Cette année 2022 marque le vingtième anniversaire de l’UA (Union Africaine) depuis sa fondation en 2002 en succession à son prédécesseur, l’OUA (Organisation de l’Unité Africaine), qui avait été créée en 1963 dans le but d’unir les pays Africains et améliorer leur rôle dans la gouvernance mondiale. Des lors, les pays Africains ont eu une voie plus considérable dans la géopolitique mondiale, surtout en des moments de crise sécuritaire majeure comme celle que traverse notre monde en ce moment.

En effet, au cours des derniers mois, le monde a été témoin de moments les plus tendus dans relations internationales depuis la fin de la guerre froide.

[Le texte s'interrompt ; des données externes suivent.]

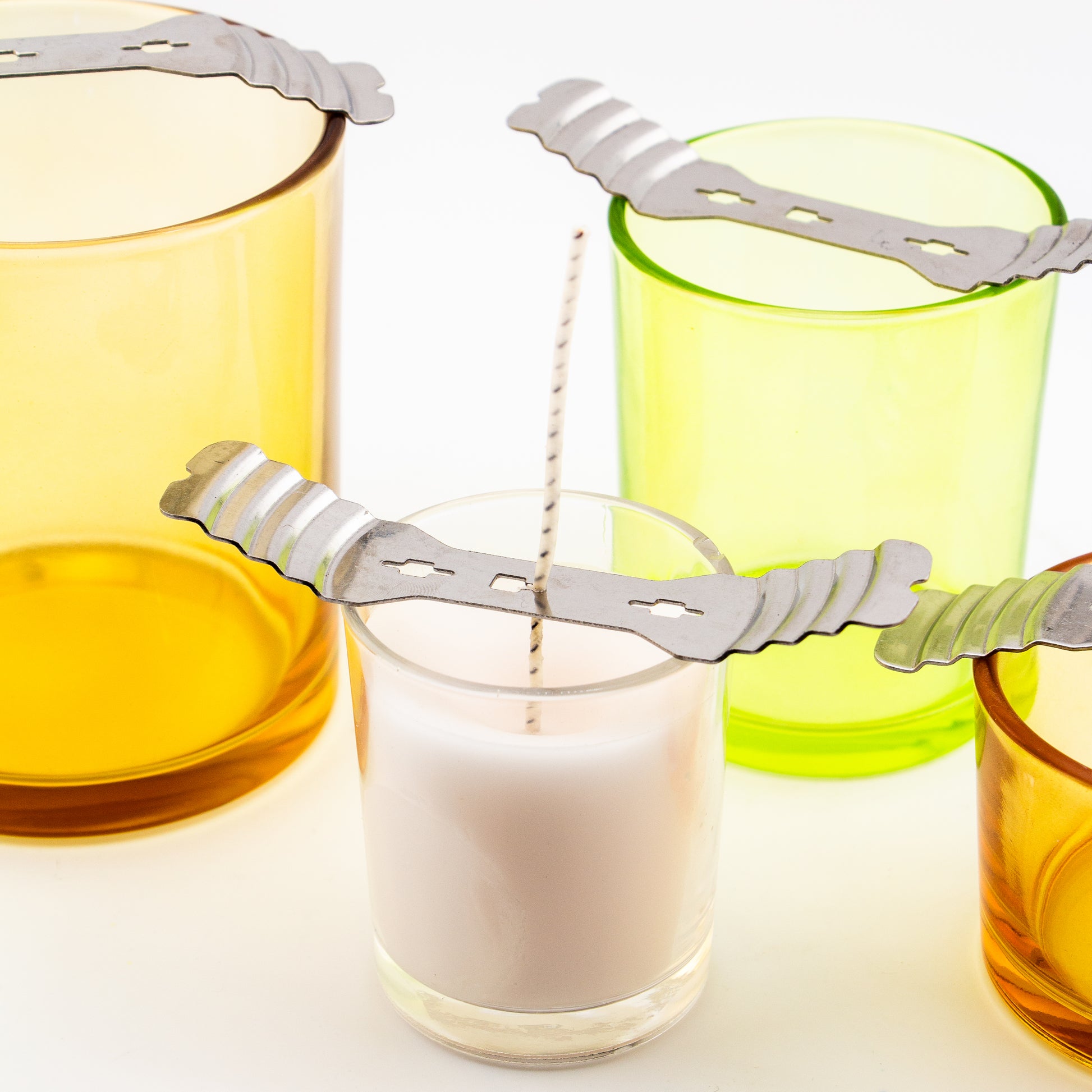 Fabricado en metal, este accesorio es reutilizable, resistente al calor y compatible con la mayoría de frascos. Su diseño incluye 3 orificios multinivel, lo que te permite trabajar con una, dos o tres mechas, ideal para velas grandes o de quemado uniforme.

La Russie a pris l’initiative le 24 février 2022, de conduire une « opération militaire spéciale » en Ukraine, opération qui est très tôt devenu l’événement le plus dominant des médias internationaux et même de notre vie quotidienne. En fait, des le premier jour de ladite « opération militaire spéciale », l’Ukraine est devenue le centre des projecteurs médiatiques de l’occident. Contrairement à certains conflits oubliés tels que le conflit Israélo-palestinien, le conflit Russo-Ukrainien a bénéficié d’une médiatisation à nul autre pareil, résultant à une rhétorique dominante : « Le discours occidental sur la guerre Ukrainienne ». Discours qui qualifie la Russie d’agresseur, et donc conduisant à une forte condamnation de la Russie et la diabolisation du président Russe Vladimir Poutine.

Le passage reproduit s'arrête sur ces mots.